BEGIN

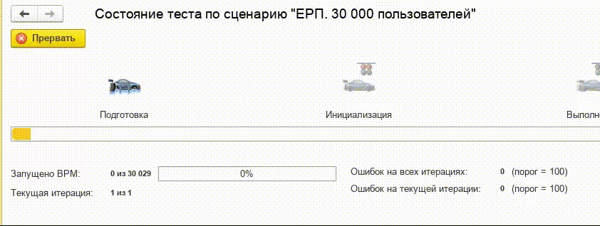Поэтому настоятельно рекомендуем: для проведения НТ с большим количеством пользователей 1С заранее заполните справочник «Пользователи» и рассчитайте права доступа. Это избавит систему от лишней нагрузки во время самого теста и обеспечит точность результатов. На картинке – ускоренный в 50 раз процесс запуска 30 000 ВРМ:
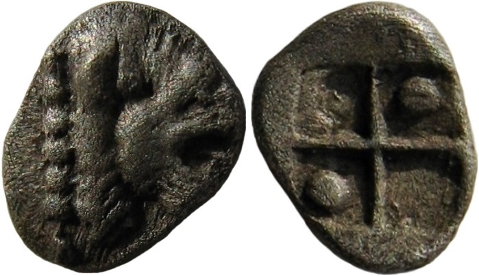 ГлавнаяКаталог монетПаспорт монеты Паспорт монеты: 000-2124-5 Дополнительная информация о монете Место находки - Крым, Ленинский р-он, окрестности с.Огоньки. ----------- www.staraya-moneta.ruКомментарий:Период чеканки по Анохину В.А., номинал и место чеканки выбраны условно. Номер:000-2124 Количество монет в архиве:8 монет Центр чеканки:Неизвестный центр Период чеканки: по Анохину В.А. (1986 г.)490 — 470 год до н.э. по Анохину В.А. (2011 г.) по Шелову Д.Б. по Фроловой Н.А. по MacDonald D. по Шонову И.В.490 — 480 год до н.э. Правитель, годы правления: Материал монеты:Серебро Номинал:Тетартеморий Вес монеты:0.08 Диаметр монеты:4.5 Описание аверса:Голова льва вправо с открытой пастью и высунутым языком Описание реверса:Вдавленный квадрат, разделенный на четыре части, в двух из них точки Номер по каталогу: Анохина В.А. (1986 г.)- Анохина В.А. (2011 г.) Шелова Д.Б.- Фроловой Н.А. MacDonald D.- Шонова И.В.Таб. II, № 30 Архив монет данного типа 000-2124-1 Неизвестный центр. 490 — 470 год до н.э. Серебро Тетартеморий, вес 0.07 г, d5.0 мм 000-2124-2 Неизвестный центр. 490 — 470 год до н.э. Серебро Тетартеморий, вес 0.06 г, d3.5 мм 000-2124-3 Неизвестный центр. 490 — 470 год до н.э. Серебро Тетартеморий, вес 0.08 г, d0.0 мм 000-2124-4 Неизвестный центр. 490 — 470 год до н.э. Серебро Тетартеморий, вес 0.11 г, d5.0 мм 000-2124-5 Неизвестный центр. 490 — 470 год до н.э. Серебро Тетартеморий, вес 0.08 г, d4.5 мм 000-2124-6 Неизвестный центр. 490 — 470 год до н.э. Серебро Тетартеморий, вес 0.11 г, d5.0 мм
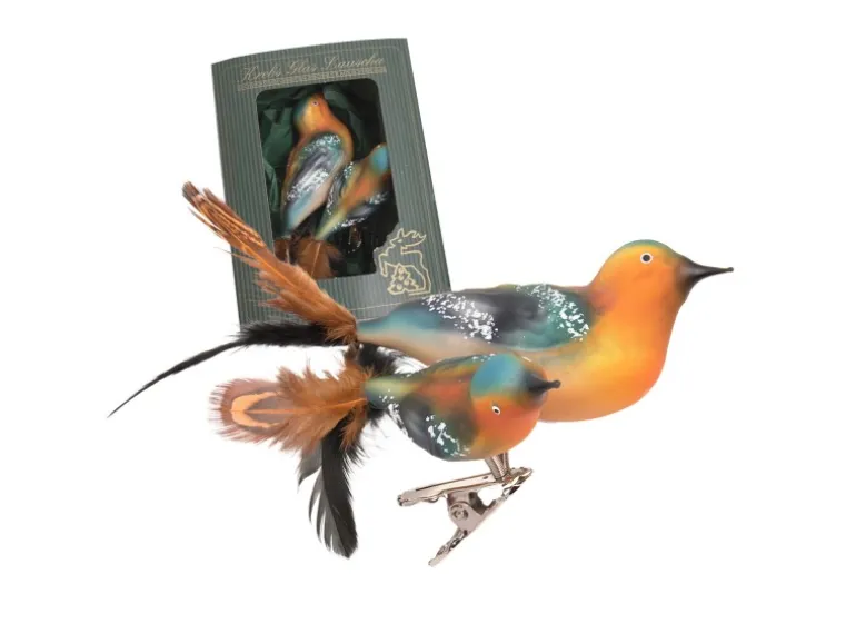 Krebs Glas Lauscha Baumschmuck Doppelvogel Buchfink Mehrfarbig 9cm
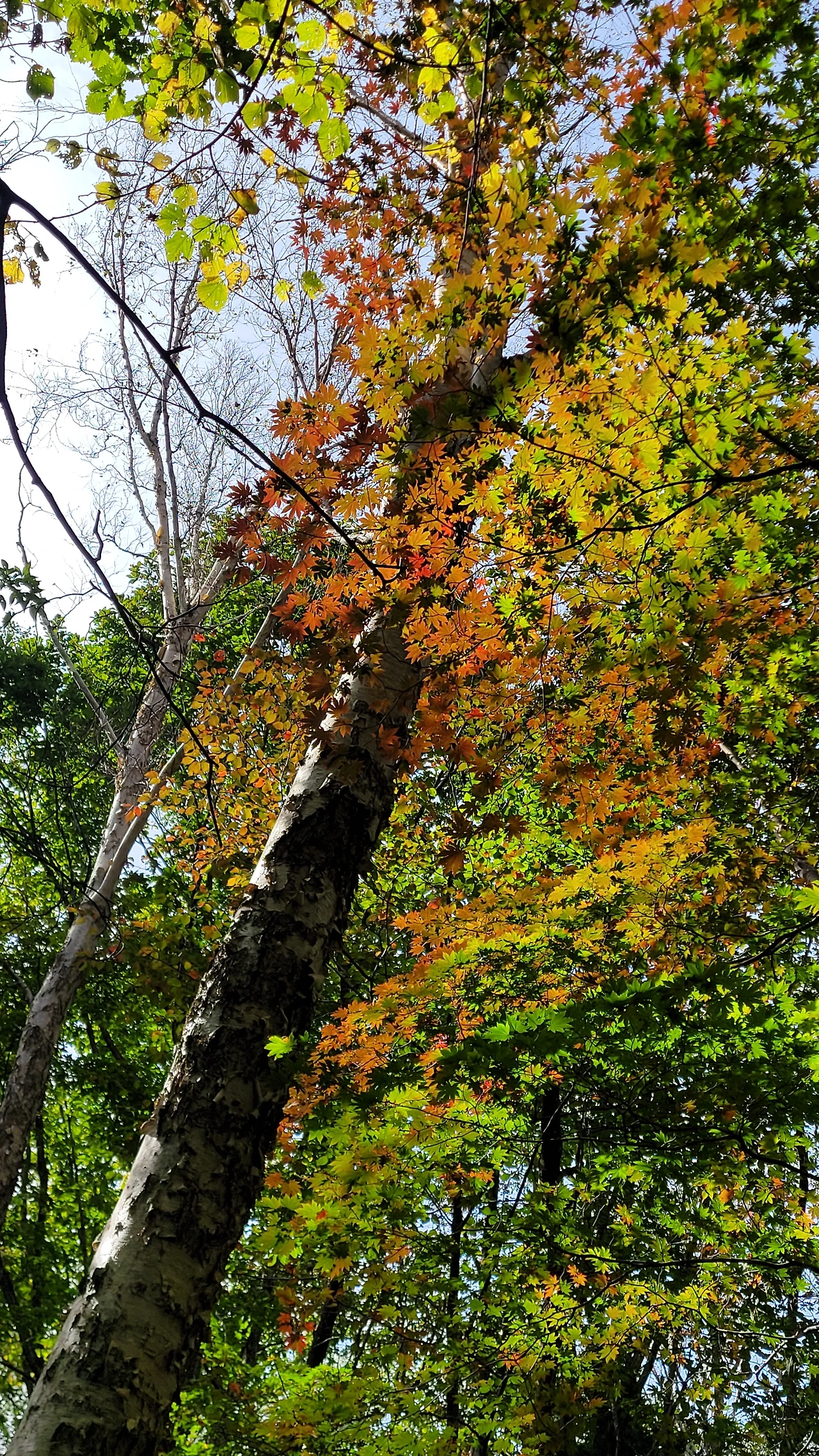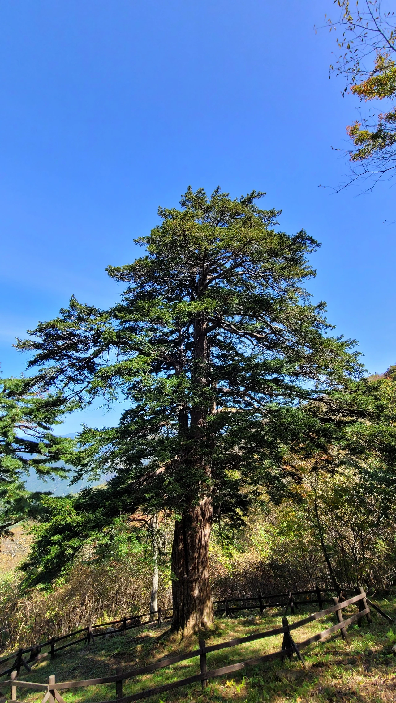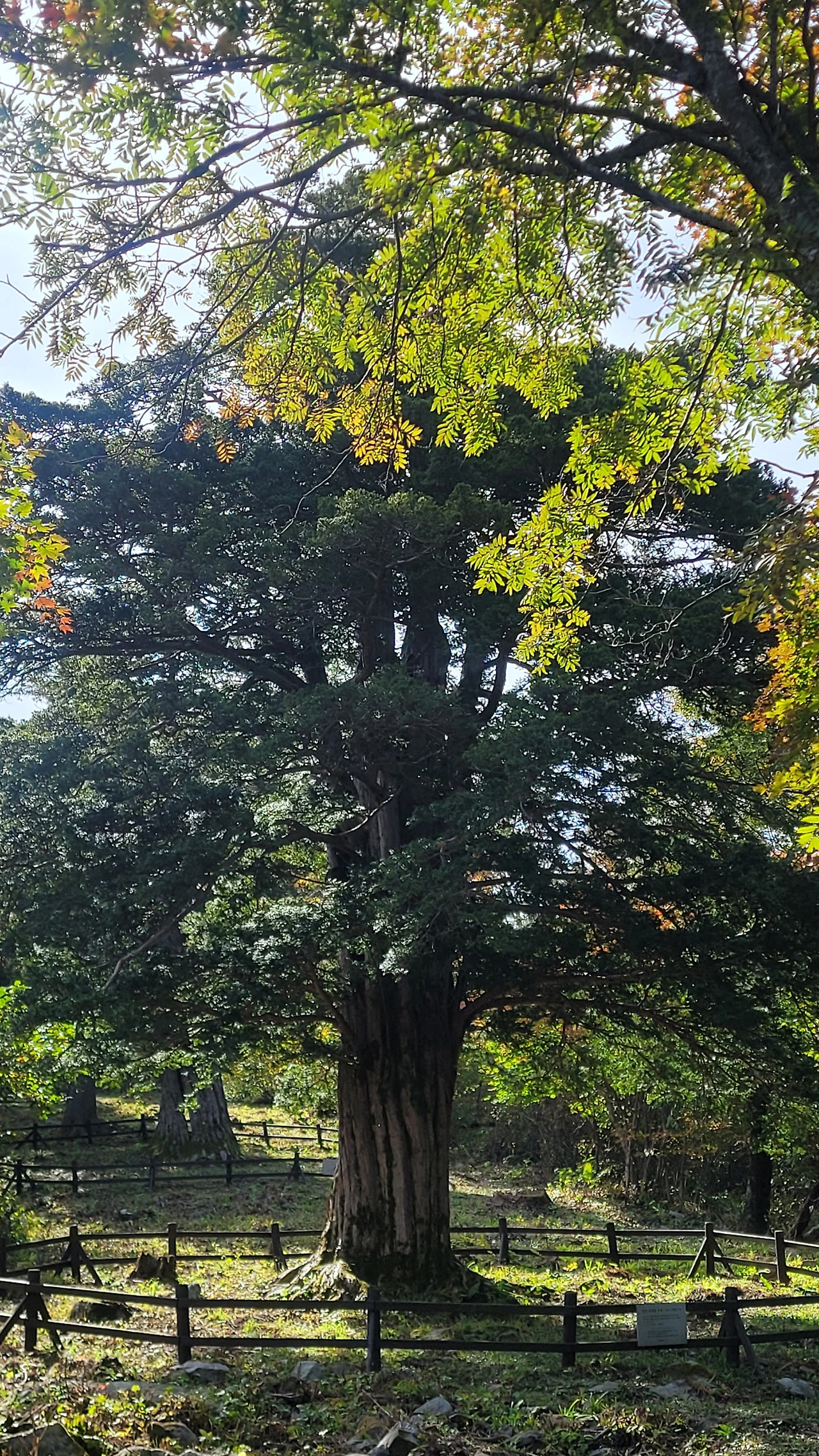 뒤틀리며 위로 오르는 수피는 번째 주목과 다른 느낌을 준다. 중심이 텅 비었지만 꿋꿋하게 삶을 살아가는 불굴의 의지에 숙연해진다. 다 가졌지만 늘 부족한 작은 것들을 찾아내 불평하는 나의 삶이 투영되어 부끄럽다. 늘 푸른 가지를 드리운 옆에 붉게 물들어 가는 단풍이 대조를 이루며 풍경을 만들고 있다.
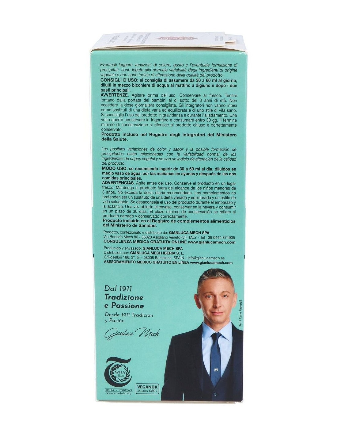 Ingredientes:Extracto acuoso de hierbas amargas 70%: Quina (Cinchona succirubra Pav.) corteza, Bardana (Arctium lappa L.) raíz, Ruibarbo (Rheum palmatum var. tagunticum Maxim.) rizoma, Diente de león (Taraxacum officinale (D.C.) Web.) raíz, Alcachofa (Cynara scolymus L.) hoja, Espirulina (Spirulina platensis) tallo, Cola de caballo (Equisetum arvense L.) hierba, Genciana (Gentiana lutea L.) raíz, Marrubio (Marrubium vulgare L.) hierba, Rábano negro (Raphanus sativus L. var. niger Miller) raíz. Agua, aromas, colorante (caramelo natural).Modo de empleo:Se recomienda ingerir de 30 a 60 ml al día, diluidos en medio vaso de agua, por las mañanas en ayunas y después de las dos comidas principales. Presentación:Frasco de 500 ml.

END

-- WHAT THE EXERCISE ASKS --
Please repeat the entries exactly. Do not include the pictures.

-- SOLUTION FOR THIS TASK --
Поэтому настоятельно рекомендуем: для проведения НТ с большим количеством пользователей 1С заранее заполните справочник «Пользователи» и рассчитайте права доступа. Это избавит систему от лишней нагрузки во время самого теста и обеспечит точность результатов. На картинке – ускоренный в 50 раз процесс запуска 30 000 ВРМ:
 ГлавнаяКаталог монетПаспорт монеты Паспорт монеты: 000-2124-5 Дополнительная информация о монете Место находки - Крым, Ленинский р-он, окрестности с.Огоньки. ----------- www.staraya-moneta.ruКомментарий:Период чеканки по Анохину В.А., номинал и место чеканки выбраны условно. Номер:000-2124 Количество монет в архиве:8 монет Центр чеканки:Неизвестный центр Период чеканки: по Анохину В.А. (1986 г.)490 — 470 год до н.э. по Анохину В.А. (2011 г.) по Шелову Д.Б. по Фроловой Н.А. по MacDonald D. по Шонову И.В.490 — 480 год до н.э. Правитель, годы правления: Материал монеты:Серебро Номинал:Тетартеморий Вес монеты:0.08 Диаметр монеты:4.5 Описание аверса:Голова льва вправо с открытой пастью и высунутым языком Описание реверса:Вдавленный квадрат, разделенный на четыре части, в двух из них точки Номер по каталогу: Анохина В.А. (1986 г.)- Анохина В.А. (2011 г.) Шелова Д.Б.- Фроловой Н.А. MacDonald D.- Шонова И.В.Таб. II, № 30 Архив монет данного типа 000-2124-1 Неизвестный центр. 490 — 470 год до н.э. Серебро Тетартеморий, вес 0.07 г, d5.0 мм 000-2124-2 Неизвестный центр. 490 — 470 год до н.э. Серебро Тетартеморий, вес 0.06 г, d3.5 мм 000-2124-3 Неизвестный центр. 490 — 470 год до н.э. Серебро Тетартеморий, вес 0.08 г, d0.0 мм 000-2124-4 Неизвестный центр. 490 — 470 год до н.э. Серебро Тетартеморий, вес 0.11 г, d5.0 мм 000-2124-5 Неизвестный центр. 490 — 470 год до н.э. Серебро Тетартеморий, вес 0.08 г, d4.5 мм 000-2124-6 Неизвестный центр. 490 — 470 год до н.э. Серебро Тетартеморий, вес 0.11 г, d5.0 мм
 Krebs Glas Lauscha Baumschmuck Doppelvogel Buchfink Mehrfarbig 9cm
 뒤틀리며 위로 오르는 수피는 번째 주목과 다른 느낌을 준다. 중심이 텅 비었지만 꿋꿋하게 삶을 살아가는 불굴의 의지에 숙연해진다. 다 가졌지만 늘 부족한 작은 것들을 찾아내 불평하는 나의 삶이 투영되어 부끄럽다. 늘 푸른 가지를 드리운 옆에 붉게 물들어 가는 단풍이 대조를 이루며 풍경을 만들고 있다.
 Ingredientes:Extracto acuoso de hierbas amargas 70%: Quina (Cinchona succirubra Pav.) corteza, Bardana (Arctium lappa L.) raíz, Ruibarbo (Rheum palmatum var. tagunticum Maxim.) rizoma, Diente de león (Taraxacum officinale (D.C.) Web.) raíz, Alcachofa (Cynara scolymus L.) hoja, Espirulina (Spirulina platensis) tallo, Cola de caballo (Equisetum arvense L.) hierba, Genciana (Gentiana lutea L.) raíz, Marrubio (Marrubium vulgare L.) hierba, Rábano negro (Raphanus sativus L. var. niger Miller) raíz. Agua, aromas, colorante (caramelo natural).Modo de empleo:Se recomienda ingerir de 30 a 60 ml al día, diluidos en medio vaso de agua, por las mañanas en ayunas y después de las dos comidas principales. Presentación:Frasco de 500 ml.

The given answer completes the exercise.